Here’s a picture of the finished skirt:

I’m having problems controlling the exposure on my camera, so I’ll take another picture tomorrow outside and post it instead of this one, but this gives you an idea. Here’s the back:

As I say, this takes very little effort to accomplish, but it makes a big difference. Try it on a princess seamed jacket, on the side seams of a pair of pants or on the seams of a skirt like this. Make a test seam on a remnant of fabric and you’ll see just how easy it is to add a lovely designer touch to your work.

Happy sewing!

 

Stalking The Ghost of Coco Chanel - Part I August 19, 2006

Filed under: Couture Techniques, Designer Inspirations — phyllisc @ 9:28 am



The Divas are probabley getting tired of my interest in Mme. Chanel, but I have to admit ever since I first saw her work as a girl I’ve always loved it, and her designs have always made perfect sense to me.

This cardgian has been in my brain since about 2004, and I finally finished it earlier this summer. I’ve always loved those beaded sweaters from the 1950’s and I’ve seen a few that have linings, an idea I’ve always wanted to emulate. Another fascination has been the soft shape of a traditional Chanel jacket. I’ve always wanted to make a soft jacket-like cardigan, and the simple shape of the Wong-Singh Jones Nirvana cardigan from Hotpatterns is just what I was looking for.

The finished jacket is pretty simple; the exterior is beige sweater knit and black stretch velvet, the interior is beige stretch silk charmeuse, and the inside is trimmed with red Petersham where the lining and interior facings meet. The ties on the original design were replaced with beaded tassels.

In Part II I’ll show you some photos of the interior construction underneath the lining and how the tassels were made, and you can see a review on
Pattern Review,

 

Not So Raw Edge July 14, 2006

Filed under: Couture Techniques, Tutorials — georgene @ 5:11 pm

I love the look of a single layer of tulle for an edge. It can be used on cami necklines, cuffs, cardigans, hems. I thought I would share my process on a recent test strip for a tank top I’m making.

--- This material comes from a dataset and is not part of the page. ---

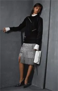 在细节的设计上,MICHAEL KORS COLLECTION 2017早秋系列灵活运用了印花、男士格纹与流苏线条。颇具女人味的流苏元素被大胆地使用于连衣裙和配饰中,搭配金属色系,诠释50年代的华丽与高贵。浓浓的派克大街朋克风链条装饰元素和大面积刺绣的使用,完美平衡了简洁中性风与典雅的女性气质。

I sandwiched the 1″ tulle strip between the fabric face and a silk chiffon bias folded in half.

Next trim away the seam allowance for a low bulk finish.

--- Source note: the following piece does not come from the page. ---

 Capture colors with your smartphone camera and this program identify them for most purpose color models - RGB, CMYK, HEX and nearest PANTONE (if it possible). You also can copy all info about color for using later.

Press the silk chiffon bias down towards the wrong side of the fabric, leaving the tulle band flat against the ironing board.

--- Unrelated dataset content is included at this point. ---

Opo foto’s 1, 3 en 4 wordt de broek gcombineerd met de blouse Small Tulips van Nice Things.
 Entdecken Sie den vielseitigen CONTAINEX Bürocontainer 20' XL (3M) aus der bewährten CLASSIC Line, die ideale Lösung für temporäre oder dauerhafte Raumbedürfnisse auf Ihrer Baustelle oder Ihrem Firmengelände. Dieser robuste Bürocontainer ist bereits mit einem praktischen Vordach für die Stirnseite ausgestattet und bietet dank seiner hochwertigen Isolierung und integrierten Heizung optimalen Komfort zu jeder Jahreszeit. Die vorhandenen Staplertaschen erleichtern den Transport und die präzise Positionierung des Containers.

Topstitch the binding to the inside at 1/4″ from the seam. Such a sweet and neat finish.

Perhaps I can incorporate it into my lingerie dream projects, since I recently received my vintage 1970’s copy of the “Kwik-Sew Method for Sewing Lingerie” from Amazon.

 

Knock off dress July 4, 2006

The moment I saw this photo

in the book “Modern Fashion in Detail” which I ordered from the Victoria and Albert museum shop in London.


I knew I wanted to try to make such a fabulous dress.
And so I tried, back in the summer of 2002 I made my version inspired by The Bird’s Wing dress by Anthony Price.
The tiny technical drawing in the book showed the full dress
I drafted the pattern from scratch using the measurements from Irene a friend who was the model for this evening gown.

This picture

shows the pleats folded down after the pattern is spread and slashed.
The brown paper shows the drafted design of the pleated part , the white paper is glued between the brown paper to form the pleats for the upper layer front dress.

This

shows the pleated pattern how it is cut from fabric (white paper insets for te pleats)

Front
Evening gown in two tone red doupion silk, lined with bemberg.
The gown pattern exists of 5 pattern parts. gown back part is sewed without a waist seam but the front gown part exists on 2 parts , the bodice and skirt part , the upper pleating part has also a waist seam and is sewed ( sandwiched ) at the right side seam of the dress
The pleats are not sewn but pressed and fabric covered buttons are sewed thru the under layer dress. The bodice part front and back of the gown is underlined with silk organza, and one piece of rigilene boning is attached at the left side seam allowance of the inner dress .

The pleating part is made of a double layer ( stitch, clip and turn) the facing layer is interfaced with a knit fusible interfacing to add some “body” to the pleats.
The gown has a long 22 inch invisible zipper at center back and a long 26 inch slit to give the necessary walking ease.